-- WHAT TO WORK ON --
From the line containing "Теперь займемся молнией." to the last line of the data, both included, transcribe each line exactly, leaving out pictures and adding nothing.

-- DATASET EXCERPT --
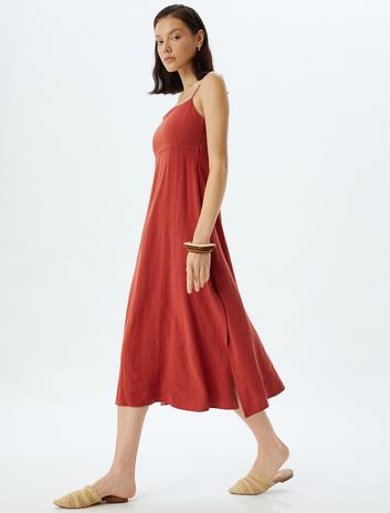 Koton X Melis Ağazat - Pencere Detaylı Keten Karışımlı Elbise Askılı Arkası Fiyonk Bağlamalı
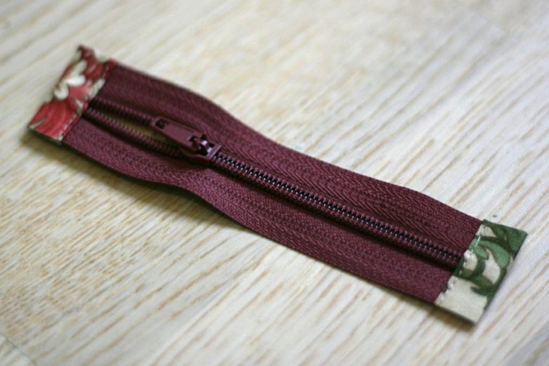 Теперь займемся молнией. Обрежем ее до 13 см и подготовим небольшие детали для обработки кончиков.
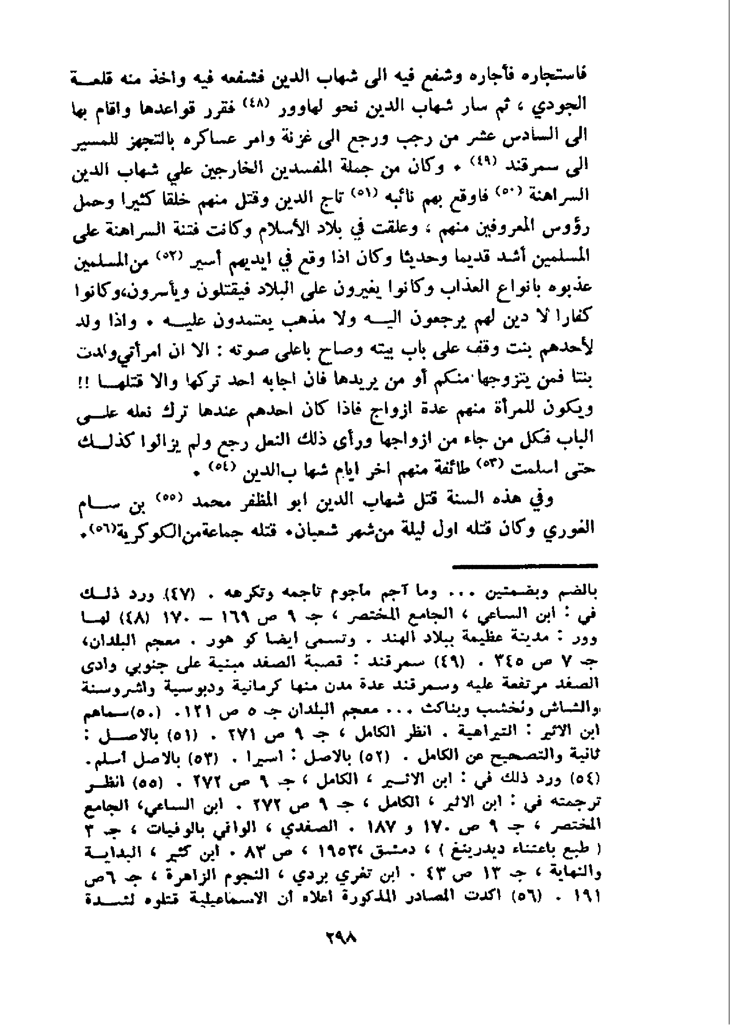فاستجاره فأجاره وشفع فيه الى شهاب الدين فشفعه فيه واخذ منه قلعة الجودي، ثم سار شهاب الدين نحو لهاوور 48 فقرر قواعدها واقام بها الى السادس عشر من رجب ورجع الى غزنة وامر عساكره بالتجهز للمسير الى سمرقند 49.و كان من جملة المفسدين الخارجين علي شهاب الدين السراهنة 50 فاوقع بهم نائبه 51 تاج الدين وقتل منهم خلقا كثيرا وحمل رؤوس المعروفين منهم، وعلقت في بلاد الأسلام وكانت فتنة السراهنة على المسلمين أشد قديما وحديثا وكان اذا وقع في ايديهم أسير 52 من المسلمين عذبوه بانواع العذاب وكانوا يغيرون على البلاد فيقتلون ويأسرون، وكانوا كفارا لا دين لهم يرجعون اليه ولا مذهب يعتمدون عليه. واذا ولد لأحدهم بنت وقف على باب بيته وصاح باعلى صوته: الا ان امرأتي ولدت بنتا فمن يتزوجها منكم أو من يريدها فان اجابه احد تركها والا قتلها!!

-- OUTPUT OF THE TASK --
 Теперь займемся молнией. Обрежем ее до 13 см и подготовим небольшие детали для обработки кончиков.
فاستجاره فأجاره وشفع فيه الى شهاب الدين فشفعه فيه واخذ منه قلعة الجودي، ثم سار شهاب الدين نحو لهاوور 48 فقرر قواعدها واقام بها الى السادس عشر من رجب ورجع الى غزنة وامر عساكره بالتجهز للمسير الى سمرقند 49.و كان من جملة المفسدين الخارجين علي شهاب الدين السراهنة 50 فاوقع بهم نائبه 51 تاج الدين وقتل منهم خلقا كثيرا وحمل رؤوس المعروفين منهم، وعلقت في بلاد الأسلام وكانت فتنة السراهنة على المسلمين أشد قديما وحديثا وكان اذا وقع في ايديهم أسير 52 من المسلمين عذبوه بانواع العذاب وكانوا يغيرون على البلاد فيقتلون ويأسرون، وكانوا كفارا لا دين لهم يرجعون اليه ولا مذهب يعتمدون عليه. واذا ولد لأحدهم بنت وقف على باب بيته وصاح باعلى صوته: الا ان امرأتي ولدت بنتا فمن يتزوجها منكم أو من يريدها فان اجابه احد تركها والا قتلها!!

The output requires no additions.